This excerpt taken from the CLZR 10-K filed Sep 30, 2005.
(a) Confidential Information. As used herein, Confidential Information shall mean any information relating to the business of the disclosing party which the disclosing party has marked as confidential, designated as confidential in this Agreement or, in the case of oral information, has identified as confidential in writing to the receiving party within thirty (30) days of disclosure. Notwithstanding the foregoing, information which is orally or visually disclosed to the receiving party by the disclosing party, or is disclosed in writing without an appropriate letter, proprietary stamp or legend, shall constitute Confidential Information if it would be apparent to a reasonable person, familiar with the disclosing partys business and the industry in which it operates, that such information is of a confidential or proprietary nature, the confidentiality of which is important to the disclosing party. The pricing and pricing terms in this Agreement and any other agreement between Seller and a McKesson Corporation company shall be deemed Confidential Information of McKesson.
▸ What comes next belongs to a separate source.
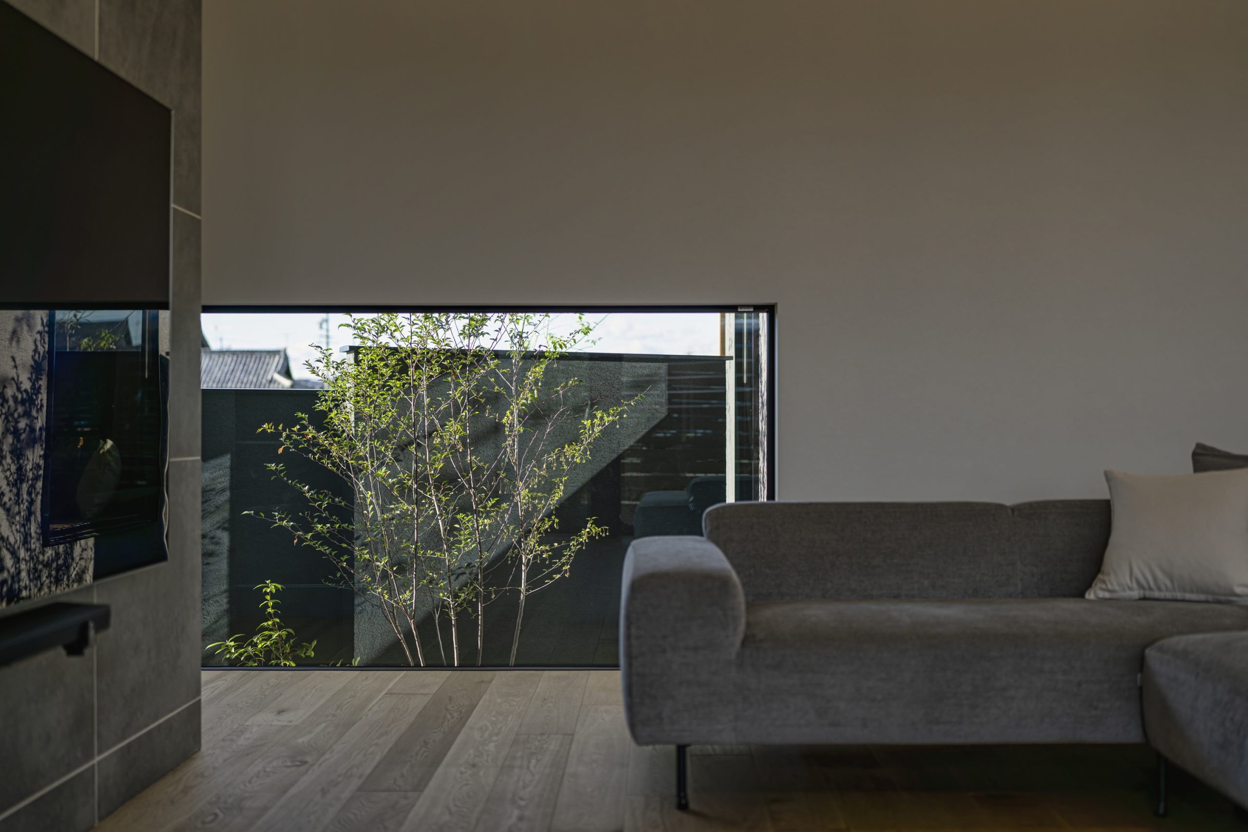 ソファからの眺めにもこだわり、光の入り方や視線の抜けを計算して窓を配置。やわらかな光と緑を取り込みながらも、前面道路からの視線を感じさせないよう設計した。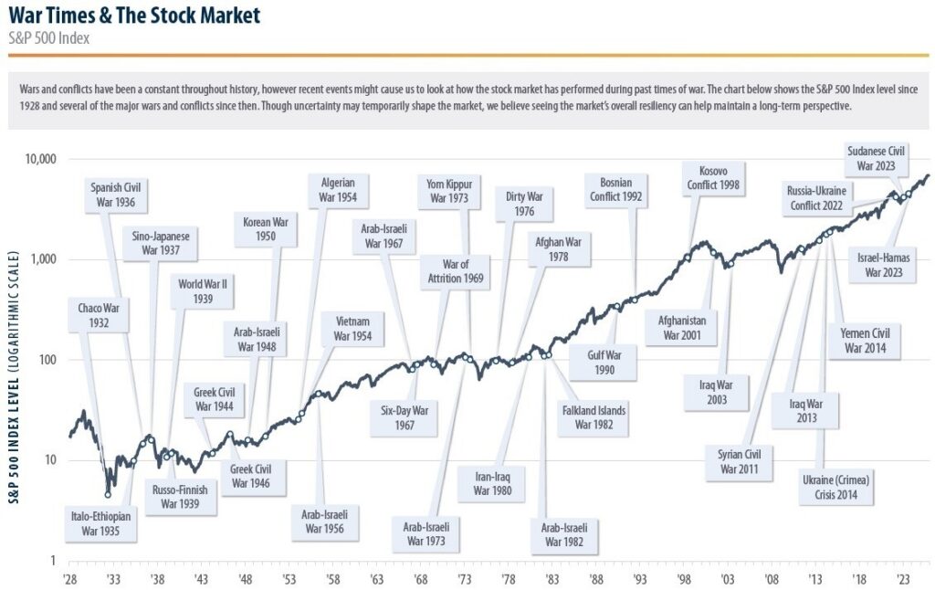 It’s an unfortunate fact that investors have endured many geopolitical conflicts over the decades. The chart below helps to demonstrate this by illustrating the upward trajectory of the S&P 500 despite consistent geopolitical disruption. This serves as a reassuring reminder that the stock market has remained incredibly resilient over time and investors have been rewarded despite periods of elevated risk and volatility like we see today.

Notwithstanding anything to the contrary in this Section 13, Confidential Information shall not include:
i. information that is approved for public release by the written authorization of the disclosing party;
ii. information that was disclosed to the receiving party by a third party having the legal right to make such disclosure, or which the receiving party can establish was in its lawful possession prior to its receipt thereof from the disclosing party;
iii. information that is in the public domain prior to the receiving partys receipt thereof from the disclosing party, or which subsequently becomes a part of the public domain other than by the receiving partys negligence or wrongful act; or
iv. information that the receiving party can establish was independently developed without breach of this Agreement or use of Confidential Information.
(b) Non-disclosure. Each party: (i) shall not disclose Confidential Information of the other party to any third party without first obtaining the express written permission of the disclosing party (other than to a subcontractor engaged to perform some or all of the services hereunder, which subcontractor shall be bound by substantially similar confidentiality provisions); (ii) shall use Confidential Information of the other party only as is necessary to fulfill its obligations pursuant to this Agreement and with respect to Buyer to provide distribution services to its customers; and (iii) shall limit such disclosure to any of its officers, employees or agents on a need-to-know basis for purposes of fulfilling its obligations under this Agreement and with respect to Buyer to provide distribution services to its customers. Notwithstanding the foregoing, Confidential Information of the other party may be disclosed pursuant to a subpoena or court order, provided that the receiving party gives prompt notice to the disclosing party that it intends to make such disclosure so that the other party can take any appropriate steps it deems necessary to limit the extent of such disclosure or to seek protection of such disclosure.
(c) Effect of Termination. Upon termination of this Agreement, each party shall return to the other party or destroy any Confidential Information of the other party and provide a written verification of such return or destruction. Each partys obligation to maintain the confidentiality of Confidential Information shall survive for a period of three (3) years following expiration or termination of this Agreement. The receiving party may retain one (1) copy of Confidential Information for its legal archives, provided that such Confidential Information shall remain subject to the provisions of this Agreement unless and until the Confidential Information is returned to the disclosing party.